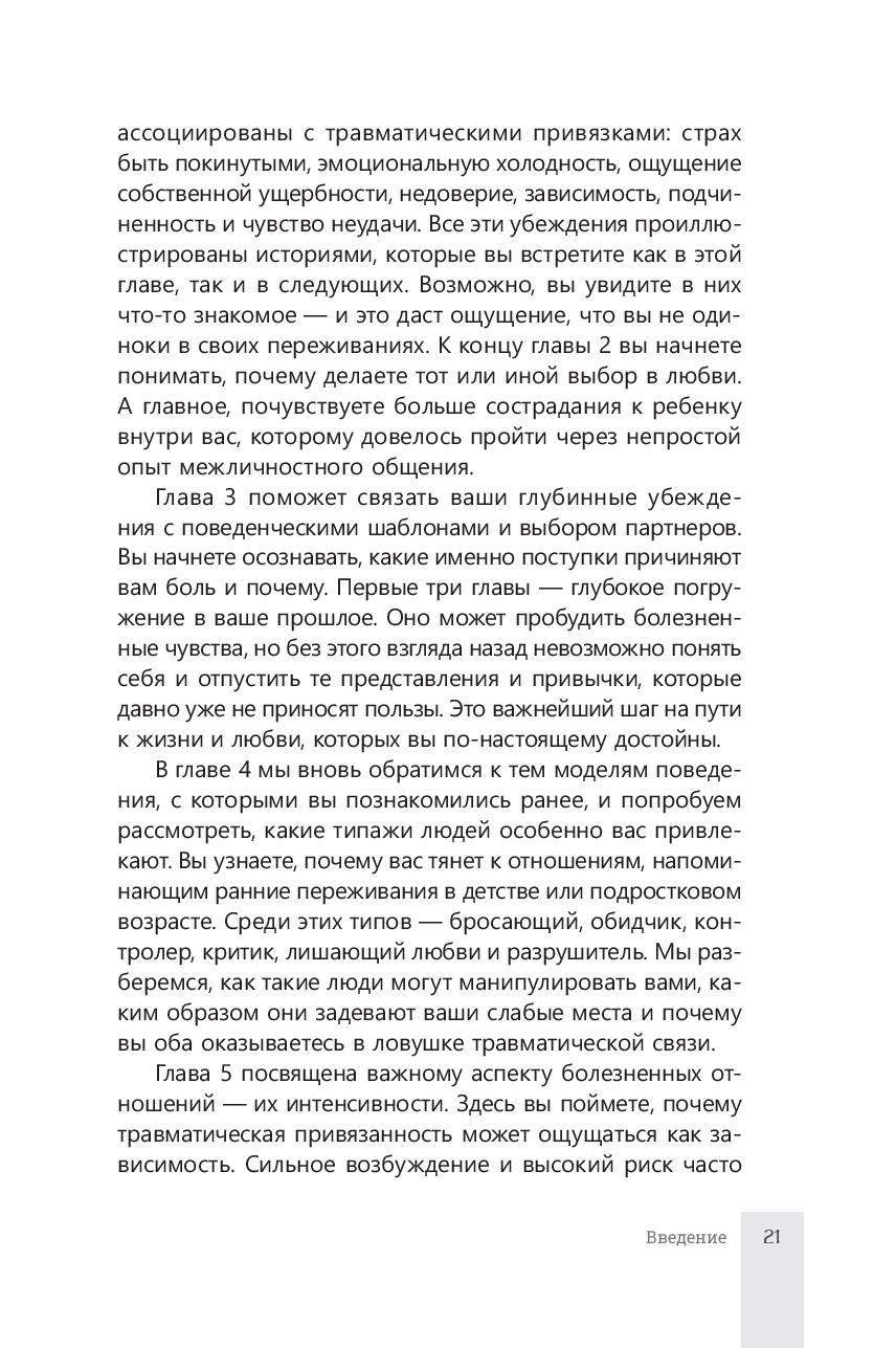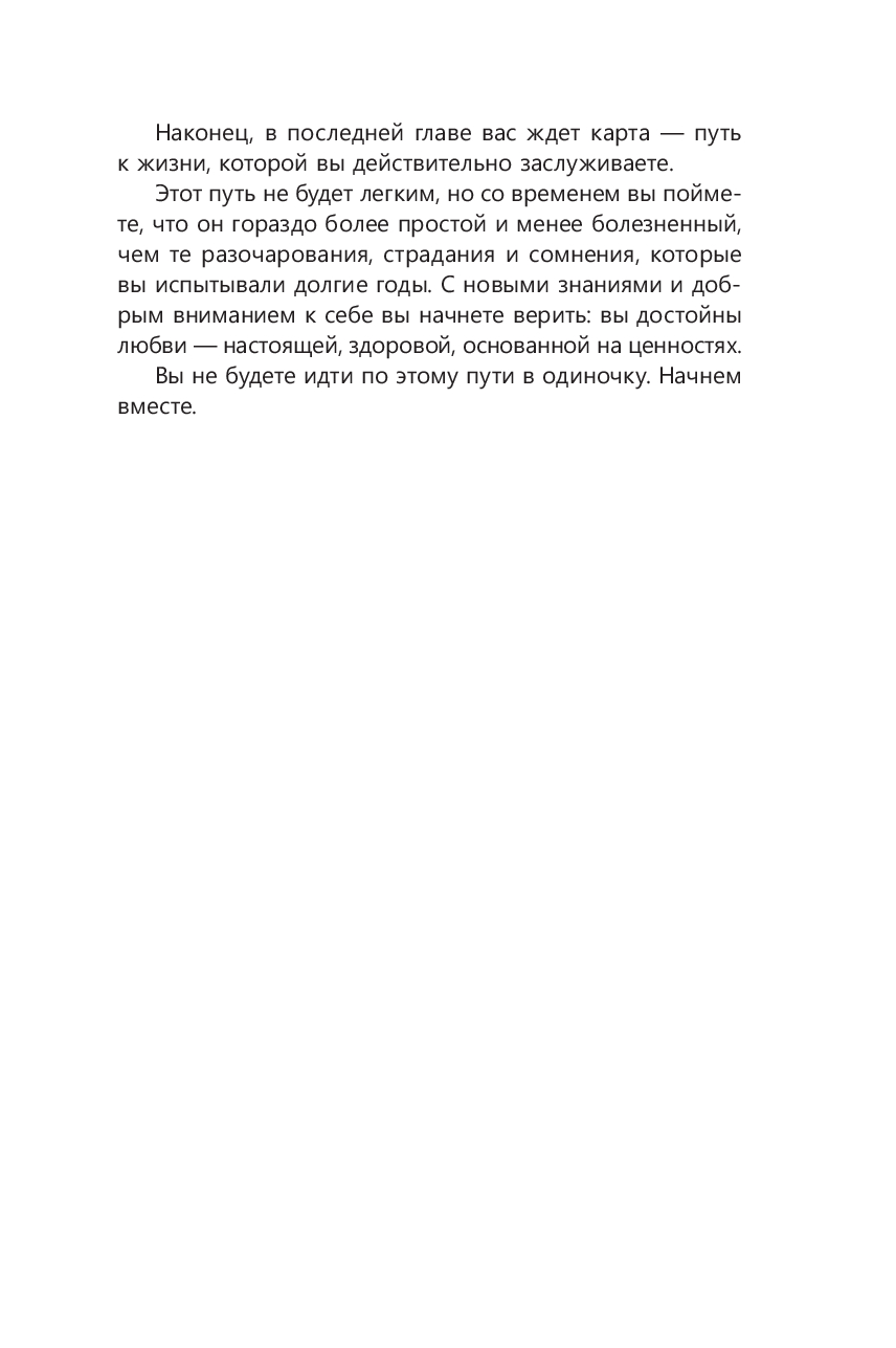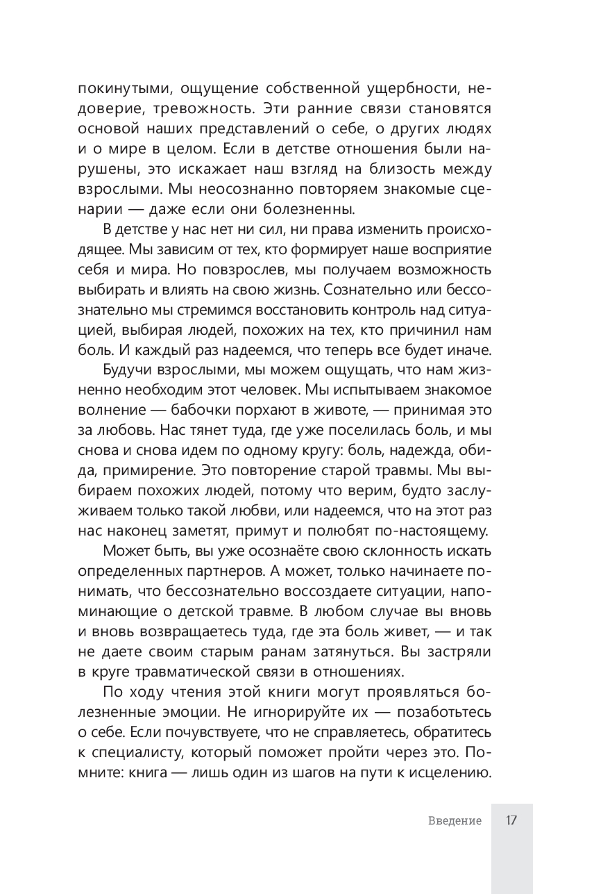 Это повторение старой травмы. Мы выбираем похожих людей, потому что верим, что заслуживаем лишь такую любовь, или надеемся, что в этот раз нас наконец заметят, примут и полюбят по-настоящему. Возможно, вы уже начали осознавать, что ищете определенный тип партнеров. Или только начинаете понимать, что бессознательно воспроизводите ситуации, напоминающие о вашей детской травме. В любом случае, вы вновь и вновь возвращаетесь туда, где эта боль живет, и не даете своим старым ранам зажить.
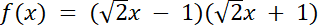 f(x) = ax2 + bx + c ⇔ f(x) = 2x2–1 ⇔ a = 2, b = 0, c = –1
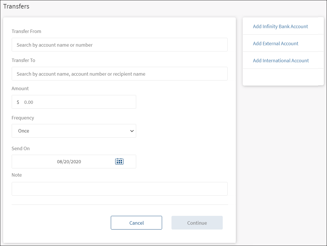 The Transfer feature can be used to transfer funds between accounts on the Send Money screen. You can initiate a new fund transfer to your own account in the same bank, recipients in the same bank, recipients in other banks that you have added, recipients in international banks, and wire transfers.
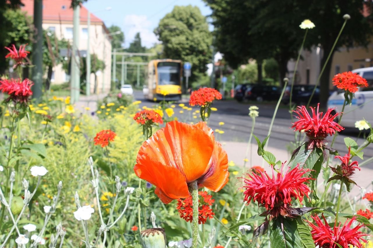 So wurde für die Verkehrsinsel an der Kreuzung Leimbacher Straße/W.-Nebelung-Str. eine von der Lehr- und Versuchsanstalt Gartenbau in Erfurt entworfene Staudenmischung namens Feuer und Flamme verwandt. Es handelt sich dabei um Gräser, Stauden und Blumenziebeln, die neben den robusten Wuchseigenschaften auch nach der Blühfarbe von rot über orange bis gelb zusammengestellt wurden.
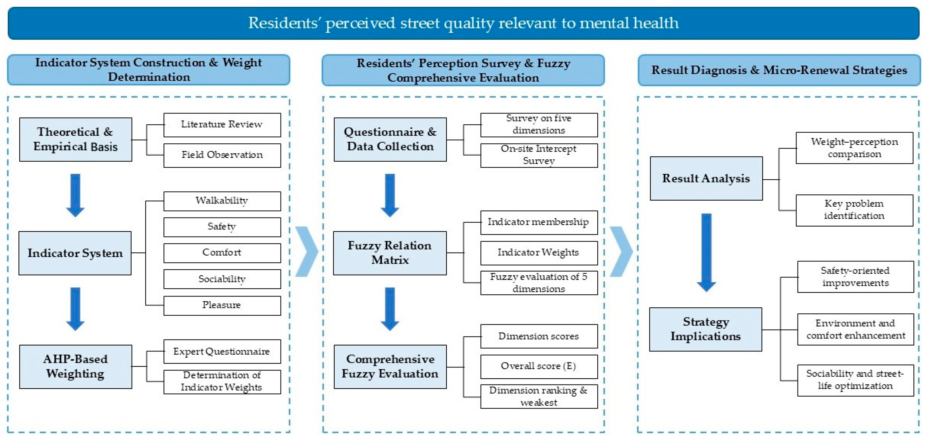 Chicago/Turabian StyleGuo, Wenkai, Jing Sun, Guang Ao, and Wei Shang. 2026. "A Mental Health-Informed AHP–FCE Assessment of Living-Street Quality for Sustainable Micro-Renewal in Aging Communities: Evidence from Xuesong Road, Wuhan, China" Sustainability 18, no. 3: 1567. https://doi.org/10.3390/su18031567
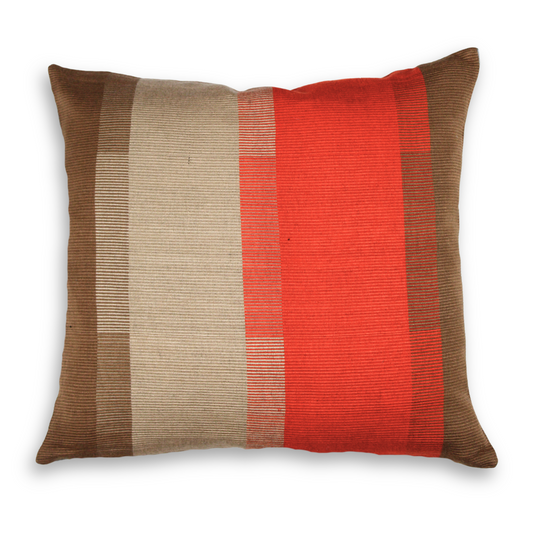 Handwoven Color Block & Hemp Pillow - Light & Dark Terra Cotta
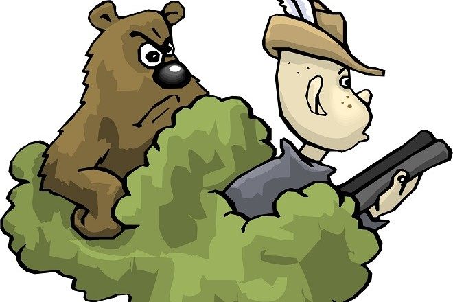 Gã xé một miếng, sắp đưa vào miệng thì bị anh thợ săn bắn một phát, thịt văng đi mất. Gã nói:
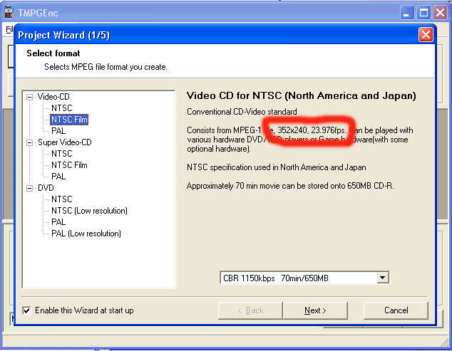 | Next open TMPGEnc and you should be presented with a screen that looks similar to this. Now simply chose which format you would like to convert your file to (in this case VCD) "NTSC Film" has been selected as this is the required frame rate for this conversion. The red circle shows where to look to ensure you have selected the correct frame rate. The box a the bottom is simply to show you how much large the end result will be. (MPEG - 1 is the format used by Video CD's). | |||||||||||||||||
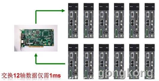 ⑶ 固定的指令周期,在固定的1ms指令周期內(nei) 可交換12軸馬達的數據。如圖6。
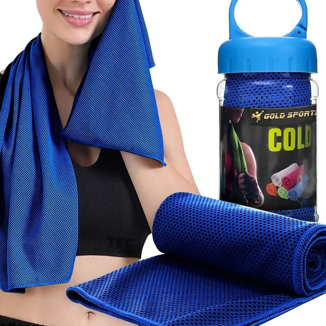 A Toalha de Microfibra Gold Sports Ultra Refrescante Cool II é perfeita para pessoas que sofrem de efeitos colaterais de estresse por calor, ondas de calor na prática de atividades ao ar livre e exercícios internos. Atua na prevenção de insolação, na proteção solar, resfriamento, absorção de suor e também como terapia para alívio da febre e dor de cabeça. A toalha de resfriamento é sedosa, macia, flexível e confortável, dobra-se facilmente. Esta toalha leves são utilizada para absorver água e suor, permitindo-lhe ficar seco, aliviando o calor e o mal estar. A tecnologia de tecido de fibra super absorvente da toalha de malha regula a água no interior e garante a retenção de água, por isso é tratada como um condicionador de ar e em segundos você esfria. Mantenha-se fresco durante os dias quentes de verão. Para ativá-la basta deixar de dentro da água por 1 minuto, tirar o excesso de água, sacudi-la e em seguida aproveitar a sensação refrescante, a toalha permanecerá fria por horas. Recomendada para todos os tipos de esportes ou quem deseja apenas se refrescar. Ao colocar no corpo sentirá o frescor da sua tecnologia de resfriamento instantâneo. É incrivelmente fácil de guardar, podendo ser levada para qualquer lugar.
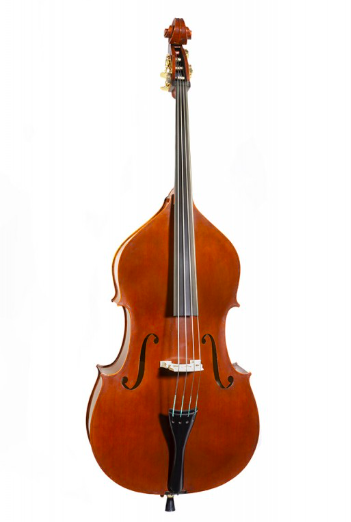 Este contrabaixo, de modelo alemão, está construído com tampo de abeto seleccionado e laterais e fundo laminados.
◆ ◆ ◆ ◆ ◆
In the copy, include no pictures; otherwise transcribe the entries exactly.

## Answer to the exercise
 Это повторение старой травмы. Мы выбираем похожих людей, потому что верим, что заслуживаем лишь такую любовь, или надеемся, что в этот раз нас наконец заметят, примут и полюбят по-настоящему. Возможно, вы уже начали осознавать, что ищете определенный тип партнеров. Или только начинаете понимать, что бессознательно воспроизводите ситуации, напоминающие о вашей детской травме. В любом случае, вы вновь и вновь возвращаетесь туда, где эта боль живет, и не даете своим старым ранам зажить.
 f(x) = ax2 + bx + c ⇔ f(x) = 2x2–1 ⇔ a = 2, b = 0, c = –1
 The Transfer feature can be used to transfer funds between accounts on the Send Money screen. You can initiate a new fund transfer to your own account in the same bank, recipients in the same bank, recipients in other banks that you have added, recipients in international banks, and wire transfers.
 So wurde für die Verkehrsinsel an der Kreuzung Leimbacher Straße/W.-Nebelung-Str. eine von der Lehr- und Versuchsanstalt Gartenbau in Erfurt entworfene Staudenmischung namens Feuer und Flamme verwandt. Es handelt sich dabei um Gräser, Stauden und Blumenziebeln, die neben den robusten Wuchseigenschaften auch nach der Blühfarbe von rot über orange bis gelb zusammengestellt wurden.
 Chicago/Turabian StyleGuo, Wenkai, Jing Sun, Guang Ao, and Wei Shang. 2026. "A Mental Health-Informed AHP–FCE Assessment of Living-Street Quality for Sustainable Micro-Renewal in Aging Communities: Evidence from Xuesong Road, Wuhan, China" Sustainability 18, no. 3: 1567. https://doi.org/10.3390/su18031567
 Handwoven Color Block & Hemp Pillow - Light & Dark Terra Cotta
 Gã xé một miếng, sắp đưa vào miệng thì bị anh thợ săn bắn một phát, thịt văng đi mất. Gã nói:
 | Next open TMPGEnc and you should be presented with a screen that looks similar to this. Now simply chose which format you would like to convert your file to (in this case VCD) "NTSC Film" has been selected as this is the required frame rate for this conversion. The red circle shows where to look to ensure you have selected the correct frame rate. The box a the bottom is simply to show you how much large the end result will be. (MPEG - 1 is the format used by Video CD's). | |||||||||||||||||
 ⑶ 固定的指令周期,在固定的1ms指令周期內(nei) 可交換12軸馬達的數據。如圖6。
 A Toalha de Microfibra Gold Sports Ultra Refrescante Cool II é perfeita para pessoas que sofrem de efeitos colaterais de estresse por calor, ondas de calor na prática de atividades ao ar livre e exercícios internos. Atua na prevenção de insolação, na proteção solar, resfriamento, absorção de suor e também como terapia para alívio da febre e dor de cabeça. A toalha de resfriamento é sedosa, macia, flexível e confortável, dobra-se facilmente. Esta toalha leves são utilizada para absorver água e suor, permitindo-lhe ficar seco, aliviando o calor e o mal estar. A tecnologia de tecido de fibra super absorvente da toalha de malha regula a água no interior e garante a retenção de água, por isso é tratada como um condicionador de ar e em segundos você esfria. Mantenha-se fresco durante os dias quentes de verão. Para ativá-la basta deixar de dentro da água por 1 minuto, tirar o excesso de água, sacudi-la e em seguida aproveitar a sensação refrescante, a toalha permanecerá fria por horas. Recomendada para todos os tipos de esportes ou quem deseja apenas se refrescar. Ao colocar no corpo sentirá o frescor da sua tecnologia de resfriamento instantâneo. É incrivelmente fácil de guardar, podendo ser levada para qualquer lugar.
 Este contrabaixo, de modelo alemão, está construído com tampo de abeto seleccionado e laterais e fundo laminados.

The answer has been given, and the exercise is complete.